Sep 22, 2015

Divorce and Dishes

While unpacking my kitchen during my second post-divorce move in as many years—from an in-town high rise apartment to a smaller suburban one—as I unveiled dish after delicate dish from the beige-gray wrapping paper, I suddenly and surprisingly began to cry. At first I wasn’t sure why the tears were falling. I was moving to someplace I truly wanted to live for the first time in a very long time. I was leaving an urban environment that for me had become oppressive and sensorialy assaultive. Sure, the place was smaller, but it was mine. So, what was the reason behind the waterworks?

I kept working, lots of unpacking to do, but the tears kept coming and instead of contemplating the why, I tried to remain present in the moment, and focus on each and every plate and cup and glass that I held in my hand. I carefully unwrapped each one and gently placed the respective item in the empty clean white cabinet. Box after box I unloaded until it hit me.

The dishes that I was unwrapping, the kitchen that I carried with me on this second, post-divorce move in as many years was the kitchen of a decidedly single woman. It was not the kitchen of a woman with a husband and a family, at least not in the traditional sense. You see, gone were the multitude of casserole dishes for potluck parties. No more was there room for the silver chafing dishes suited for holiday dinners. My smaller environs left no room for the dining room sideboard where my grandmother’s dishes were stored and the three kitchen drawers meant no place for her silver either.

Just as well, though because holiday dinners were no longer hosted at my house, in fact I fly solo on every other Thanksgiving these days. And the neighborhood in which my ex-husband and I raised our two boys was left far behind and with it the impromptu gatherings and stop-on-over get togethers. I rarely prepare and port food to other places anymore. The kitchen is barely big enough to prepare meals for my boys and me, anyway, much less anyone else.

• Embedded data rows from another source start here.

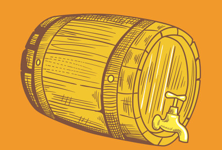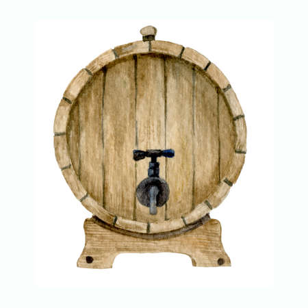 Watercolor illustration of wooden Beer Barrel for Octoberfest. Hand drawn sketch for October fest on white isolated background. Storage of ale or wine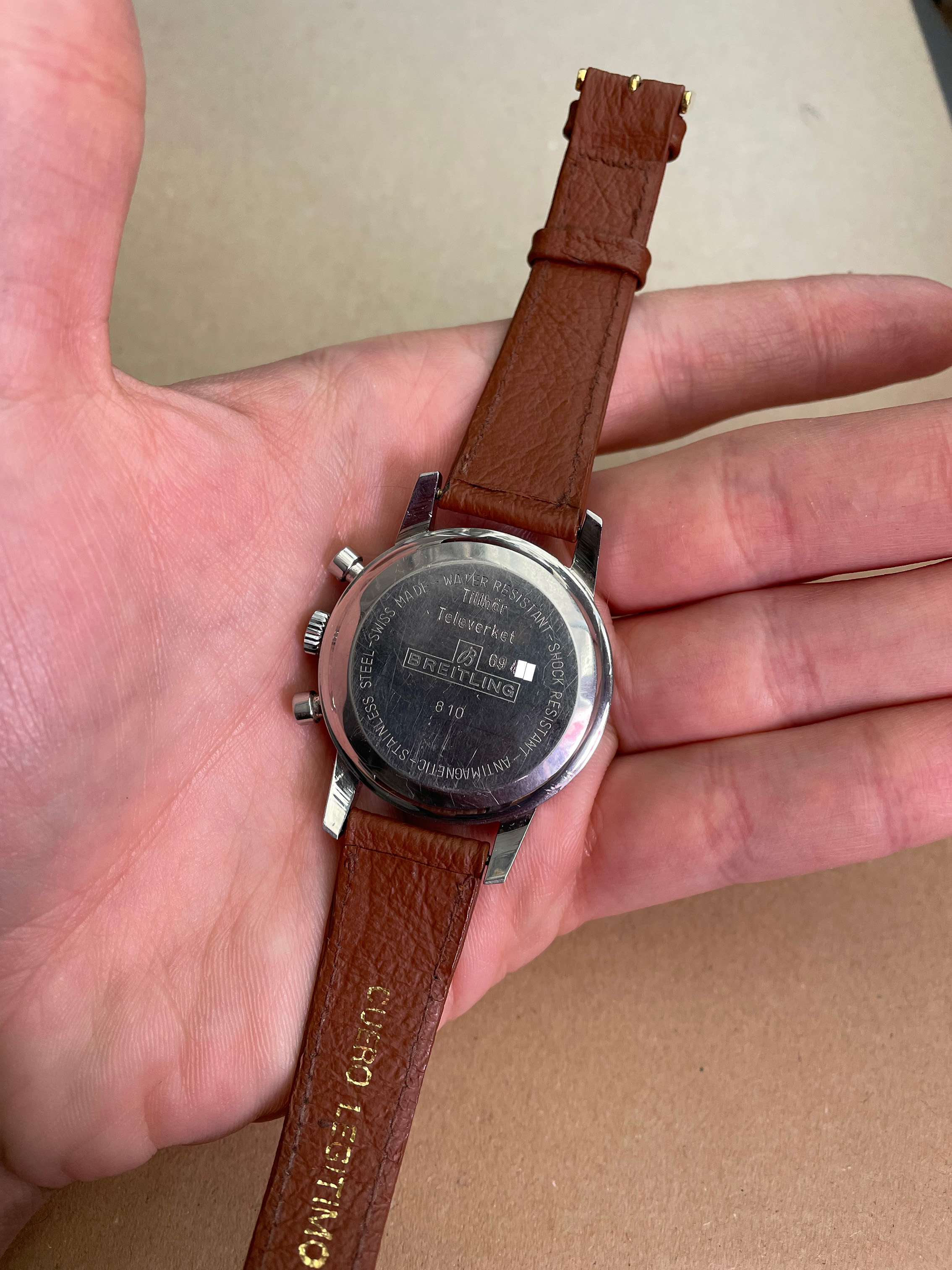 ·Up for sale is a nice and cool vintage Breitling sold under "Kronometer Stockholm" brand. This example was sold to the government run telephone company Televerket. Which can be seen on the case back.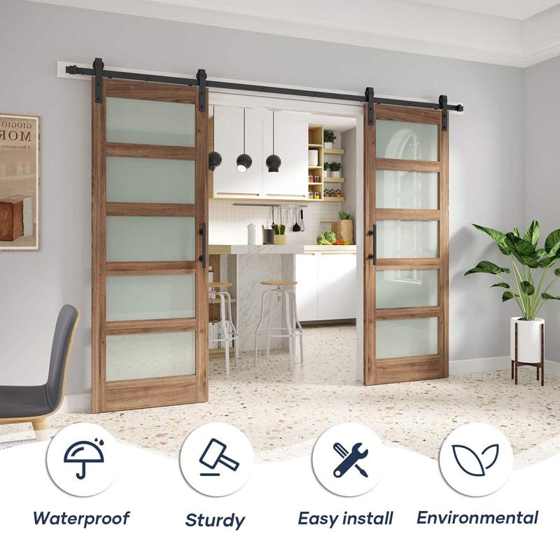 EASELIFE presents the Double Sliding Frosted Glass Barn Doors, perfect for enhancing your home's aesthetic. These doors feature a wooden structure and frosted glass panels, offering both functionality and style. Ideal for various interior designs, they add a touch of modern elegance. Transform your space effortlessly with these doors.

Now I have only the basic stuff, the essential kitchen items absolutely necessary to provide regular sustenance for the three of us. With my grandmother’s china safely with my mother in Ohio, I continued to reflect on my intentionally down-sized hearth as I unwrapped my exactly four wine glasses and precisely two martini glasses (no more formal service for 8), the tears drying up now, when I admitted to myself, for the first time, that I actually liked having less. It was nice to have just enough things and space to know where everything was housed and not enough extra infrequently used items where things got misplaced or forgotten. I never had to look for an extra this or that because I didn’t have extra anythings. I didn’t have to keep things polished or shined because my silverware didn’t tarnish from nonuse, I used everything I had these days.

While the holidays could be lonely, if I wasn’t invited to this gathering or that get together anymore and if I never hosted another family holiday, it would be absolutely okay because my kitchen and my dishes fit the life I have now—the one I was creating and designing for myself and my two sons.

When I finished unpacking, and stood back and admired the now-empty boxes scattered about the floor, I noticed that while much smaller than the expansive kitchen of my marital home, my tiny suburban kitchen still had room for the most important items a home should have: lots of love and laughter and joy. I realized that I really didn’t miss the things I threw or gave away but I did treasure more and more the things I kept and in this new place, in my new life, those things fit just fine.